In August 2013, news quickly spread through Hatay’s Alawite communities of an operation by Al Qaeda-linked extremists to take over several Alawite-inhabited towns a short distance over the border. They were beaten back but a year later, the same rebel groups reached within 25km of Samandag. And in June, a third major offensive by militants to seize Syrian Alawite villages bordering Samandag was repelled, but only after a brutal, three-month battle.

These recurring, if failed, offensives by extremists have awoken a long-dormant but deep-seated fear among Alawites in the region. Under Ottoman rule, Shiite Alawites were repeatedly subjected to attempts at conversion to Sunni Islam, and some of the most violent attacks took place in the early 19th century against the Kalbiyya tribe, whose most famous descendants are today’s rulers of Syria – the Assads.

This continued fear drew Alawites in Syria and Hatay away from cosmopolitan life in Beirut, Damascus and Aleppo, and into the mountains along the Mediterranean coast.
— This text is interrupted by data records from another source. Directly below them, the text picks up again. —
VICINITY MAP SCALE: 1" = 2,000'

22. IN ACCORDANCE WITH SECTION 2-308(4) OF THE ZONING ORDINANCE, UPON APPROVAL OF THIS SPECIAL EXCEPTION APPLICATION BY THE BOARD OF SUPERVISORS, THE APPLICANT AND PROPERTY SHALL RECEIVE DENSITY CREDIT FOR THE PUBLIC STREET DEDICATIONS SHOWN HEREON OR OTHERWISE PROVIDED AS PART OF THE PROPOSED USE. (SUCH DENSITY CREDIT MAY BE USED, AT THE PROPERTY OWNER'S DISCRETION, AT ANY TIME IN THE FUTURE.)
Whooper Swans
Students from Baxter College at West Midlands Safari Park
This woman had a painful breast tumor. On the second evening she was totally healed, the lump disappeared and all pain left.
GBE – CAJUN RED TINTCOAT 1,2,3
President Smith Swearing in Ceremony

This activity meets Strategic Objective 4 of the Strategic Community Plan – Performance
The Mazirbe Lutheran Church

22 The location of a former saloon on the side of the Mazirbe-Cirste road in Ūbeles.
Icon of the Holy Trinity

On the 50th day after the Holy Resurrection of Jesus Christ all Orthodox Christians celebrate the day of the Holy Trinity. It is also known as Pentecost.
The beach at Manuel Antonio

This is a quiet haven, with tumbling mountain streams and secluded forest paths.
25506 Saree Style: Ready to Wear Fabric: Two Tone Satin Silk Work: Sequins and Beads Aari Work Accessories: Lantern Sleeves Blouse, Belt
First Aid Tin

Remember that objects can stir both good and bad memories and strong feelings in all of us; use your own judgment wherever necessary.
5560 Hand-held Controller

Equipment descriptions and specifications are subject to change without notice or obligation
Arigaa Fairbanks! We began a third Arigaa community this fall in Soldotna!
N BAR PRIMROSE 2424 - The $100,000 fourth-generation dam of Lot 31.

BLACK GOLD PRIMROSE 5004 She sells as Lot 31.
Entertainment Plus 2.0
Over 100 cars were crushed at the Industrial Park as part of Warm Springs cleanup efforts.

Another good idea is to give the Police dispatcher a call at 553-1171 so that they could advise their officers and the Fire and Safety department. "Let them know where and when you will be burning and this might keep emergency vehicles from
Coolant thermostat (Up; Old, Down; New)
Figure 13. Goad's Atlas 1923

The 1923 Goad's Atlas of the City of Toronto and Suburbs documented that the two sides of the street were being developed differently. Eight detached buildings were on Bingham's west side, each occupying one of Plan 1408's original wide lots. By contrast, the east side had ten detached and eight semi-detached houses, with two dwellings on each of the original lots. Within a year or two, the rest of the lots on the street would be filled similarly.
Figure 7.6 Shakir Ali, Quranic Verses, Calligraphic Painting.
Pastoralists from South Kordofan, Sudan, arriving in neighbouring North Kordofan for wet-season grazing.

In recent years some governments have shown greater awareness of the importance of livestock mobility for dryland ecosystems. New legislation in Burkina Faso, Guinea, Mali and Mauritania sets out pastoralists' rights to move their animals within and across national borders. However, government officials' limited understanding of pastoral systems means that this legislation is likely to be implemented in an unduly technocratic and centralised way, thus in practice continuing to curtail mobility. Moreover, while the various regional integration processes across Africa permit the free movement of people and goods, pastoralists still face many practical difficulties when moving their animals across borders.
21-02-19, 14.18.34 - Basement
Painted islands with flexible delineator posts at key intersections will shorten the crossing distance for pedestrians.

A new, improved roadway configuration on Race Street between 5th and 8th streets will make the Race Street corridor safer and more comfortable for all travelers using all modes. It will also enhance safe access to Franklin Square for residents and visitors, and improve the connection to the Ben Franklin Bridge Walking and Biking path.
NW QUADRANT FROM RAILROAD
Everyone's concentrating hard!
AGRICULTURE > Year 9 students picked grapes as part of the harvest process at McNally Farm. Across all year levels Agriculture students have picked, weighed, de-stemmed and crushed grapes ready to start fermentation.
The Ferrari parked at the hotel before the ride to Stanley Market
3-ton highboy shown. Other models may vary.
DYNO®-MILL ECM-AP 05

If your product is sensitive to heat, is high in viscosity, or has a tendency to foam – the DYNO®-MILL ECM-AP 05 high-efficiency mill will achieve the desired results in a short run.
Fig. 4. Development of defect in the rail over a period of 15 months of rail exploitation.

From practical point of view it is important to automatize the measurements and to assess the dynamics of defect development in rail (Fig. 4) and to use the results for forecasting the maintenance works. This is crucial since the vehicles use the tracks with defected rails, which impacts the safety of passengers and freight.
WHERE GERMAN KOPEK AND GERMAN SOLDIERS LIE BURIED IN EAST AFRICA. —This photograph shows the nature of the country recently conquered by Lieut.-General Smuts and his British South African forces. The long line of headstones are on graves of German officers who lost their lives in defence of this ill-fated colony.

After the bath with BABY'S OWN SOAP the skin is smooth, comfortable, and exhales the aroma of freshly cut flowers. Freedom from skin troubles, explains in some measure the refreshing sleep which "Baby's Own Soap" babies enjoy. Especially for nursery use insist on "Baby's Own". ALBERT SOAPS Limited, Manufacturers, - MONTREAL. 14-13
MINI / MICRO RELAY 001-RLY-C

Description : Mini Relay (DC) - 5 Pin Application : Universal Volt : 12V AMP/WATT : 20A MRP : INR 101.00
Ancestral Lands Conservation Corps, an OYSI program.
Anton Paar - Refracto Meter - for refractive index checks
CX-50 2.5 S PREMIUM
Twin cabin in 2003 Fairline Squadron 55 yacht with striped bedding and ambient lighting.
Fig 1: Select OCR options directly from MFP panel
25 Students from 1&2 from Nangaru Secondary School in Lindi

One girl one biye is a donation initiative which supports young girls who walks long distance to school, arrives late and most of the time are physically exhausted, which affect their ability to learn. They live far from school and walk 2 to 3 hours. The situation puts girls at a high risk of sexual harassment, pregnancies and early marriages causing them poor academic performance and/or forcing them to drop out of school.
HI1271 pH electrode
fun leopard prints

Up there throughout the 20th century, they lived increasingly parochial and poverty-stricken lives.

When in 1939 the Republic of Hatay voted to join Turkey – a flawed vote by all accounts as the region’s ruling authority, France, turned a blind eye to vote rigging in the hope that handing Hatay over to Ankara would convince it to turn against Hitler – the new border turned families and neighbours into foreigners.

In the decades that followed, Alawite communities remained isolated and fearful that the Sunni majority in Anatolia and Syria, who they believed saw them as infidels, would one day again attempt to convert or slaughter them. For many, Syria’s popular uprising in 2011 meant that day had finally arrived.

Guided by ethnic kinship as well as the reality of today’s events, many people in Samandag believe that Syrian president Bashar Al Assad must be supported at any cost.

Experts say that, in the main, Alawites see themselves as more secular and tolerant than historical and current Sunni political figures in Syria and Turkey. As a result, Alawites both in Syria and Hatay province believe that a government run by a religious minority would maintain a level of balance that protects all citizens. What’s more, state policies during the 1950s and 60s saw Sunni Turks from other parts of Turkey resettled in mountain areas of Hatay province, contributing to a feeling of besiegement among locals.

Today, the threats seen by Alawite communities continue to mount: a government that claims to represent them has thrown its lot in with rebel groups determined to occupy Alawite towns a short distance away in Syria, while refugees continue to surge into Hatay province.

With no let up to the warring in Syria apparent in the near or even medium future, for Alawites in this historic, tormented region, the future looks very much like the past: one coloured and moulded by fear.

Stephen Starr is a journalist and author who has lived in Syria and Turkey since 2007.